HDU

状态压缩dp..

题目：
Ignatius has just come back school from the 30th ACM/ICPC. Now he has a lot of homework to do. Every teacher gives him a deadline of handing in the homework. If Ignatius hands in the homework after the deadline, the teacher will reduce his score of the final test, 1 day for 1 point. And as you know, doing homework always takes a long time. So Ignatius wants you to help him to arrange the order of doing homework to minimize the reduced score.
Input
The input contains several test cases. The first line of the input is a single integer T which is the number of test cases.
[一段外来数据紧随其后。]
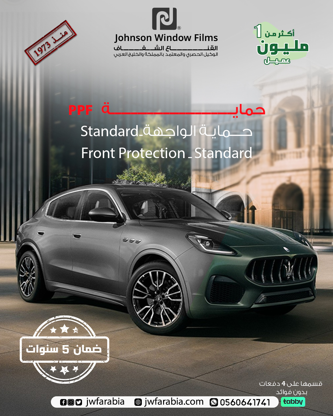 Standard Front Protection: Coverage of the main front area including the bumper, part of the hood, and front fenders to protect against common damage during daily driving.”
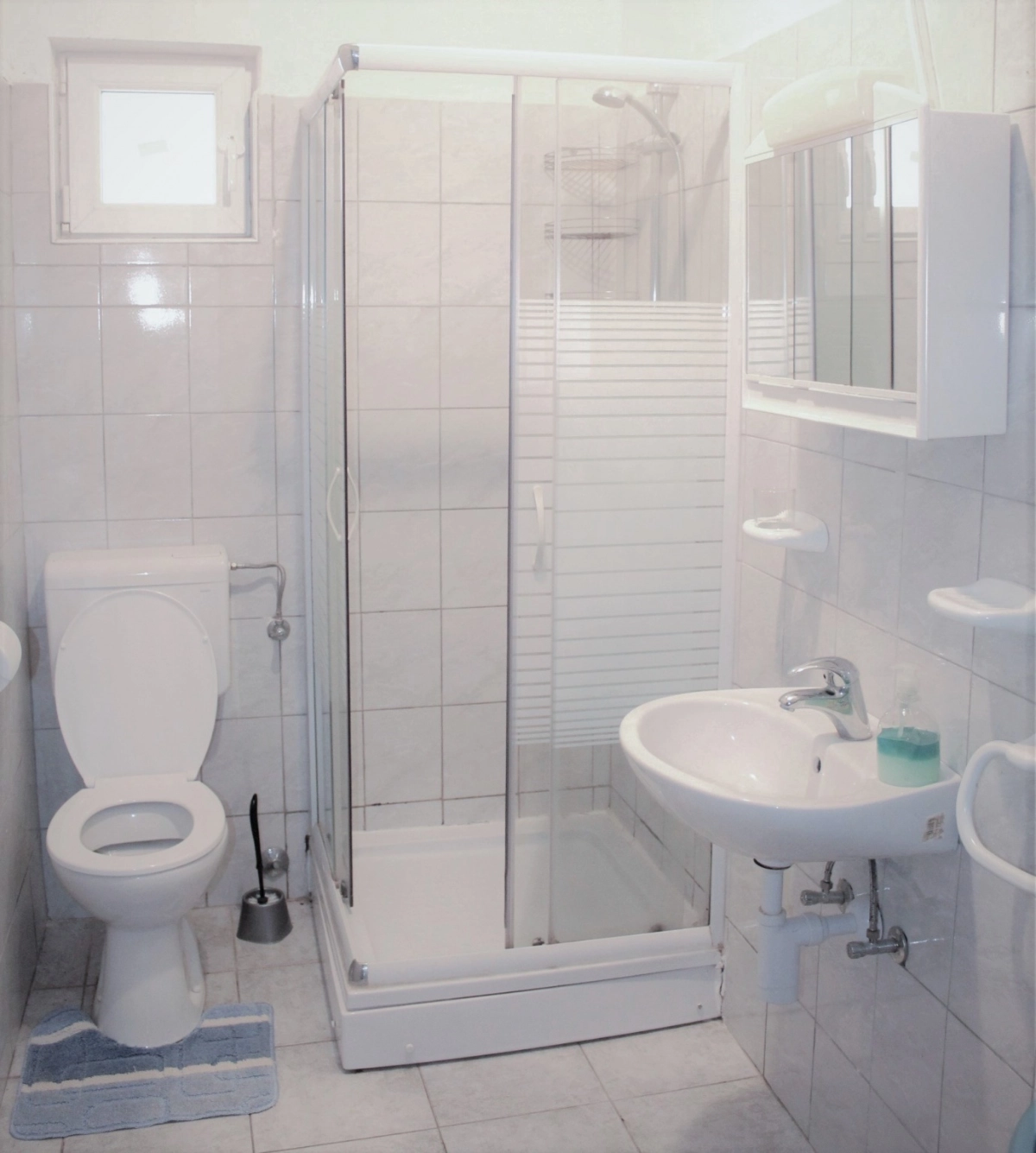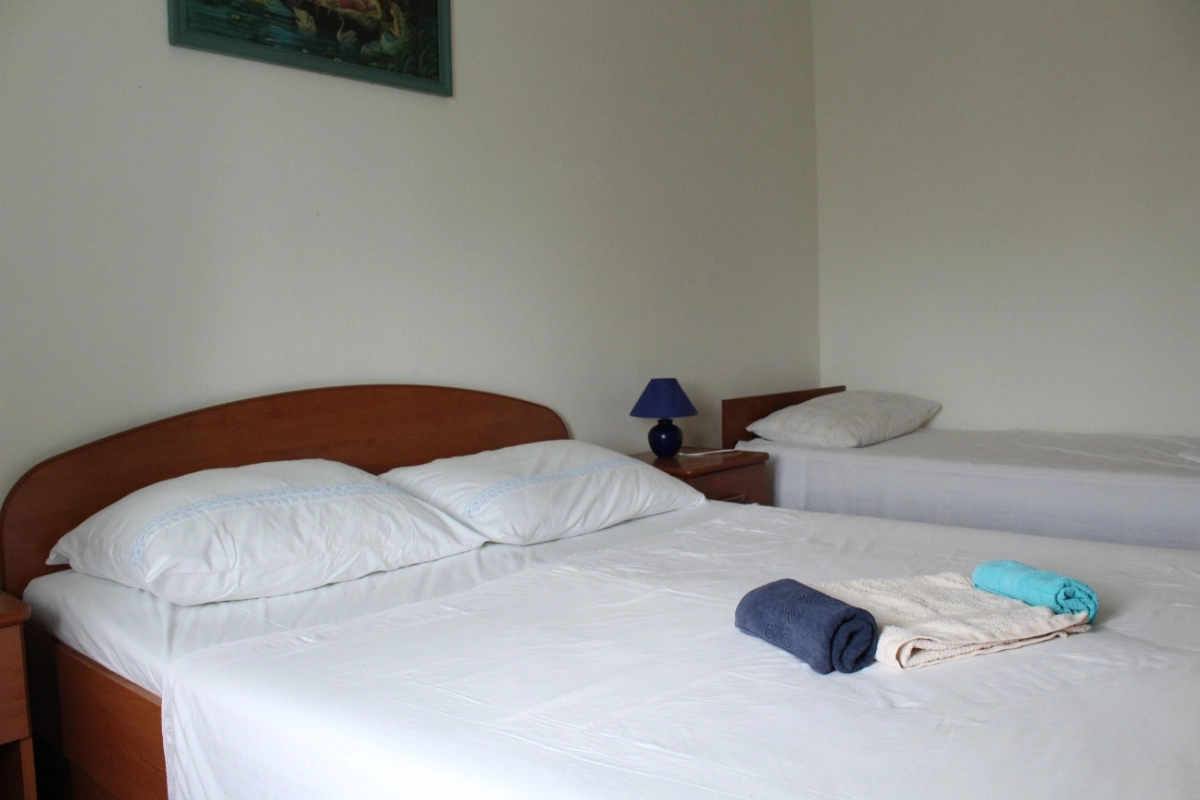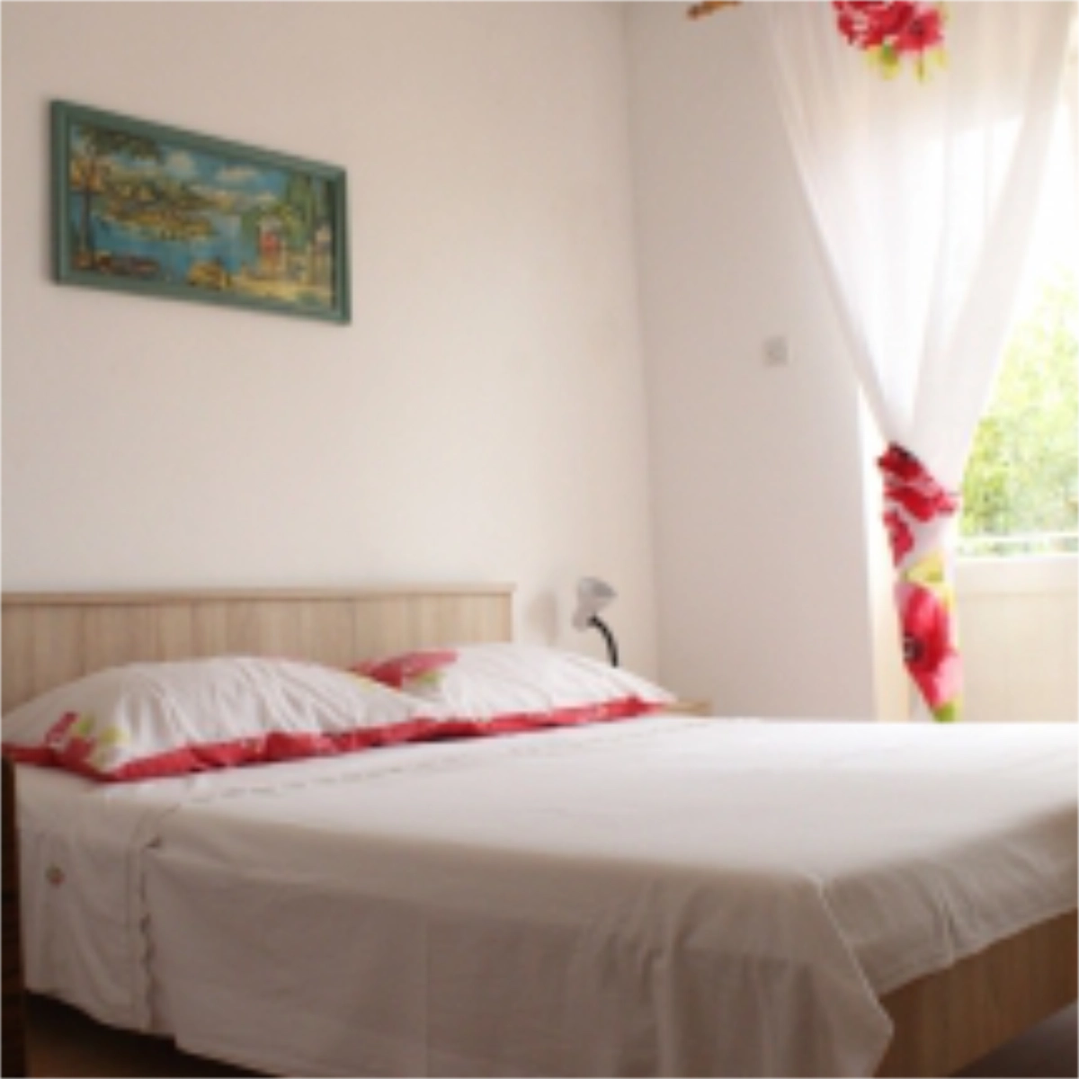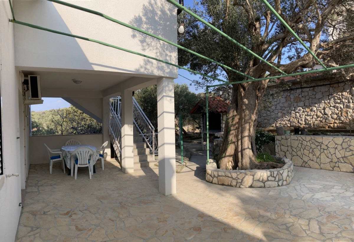 Un appartement pour 4+2 personnes, qui dispose de 70 m², avec une terrasse et un balcon, une cuisine ouverte sur la salle à manger, deux chambres triples, une salle de bain avec douche, un barbecue, climatisation et Parking

T test cases follow.
Each test case start with a positive integer N(1<=N<=15) which indicate the number of homework. Then N lines follow. Each line contains a string S(the subject’s name, each string will at most has 100 characters) and two integers D(the deadline of the subject), C(how many days will it take Ignatius to finish this subject’s homework).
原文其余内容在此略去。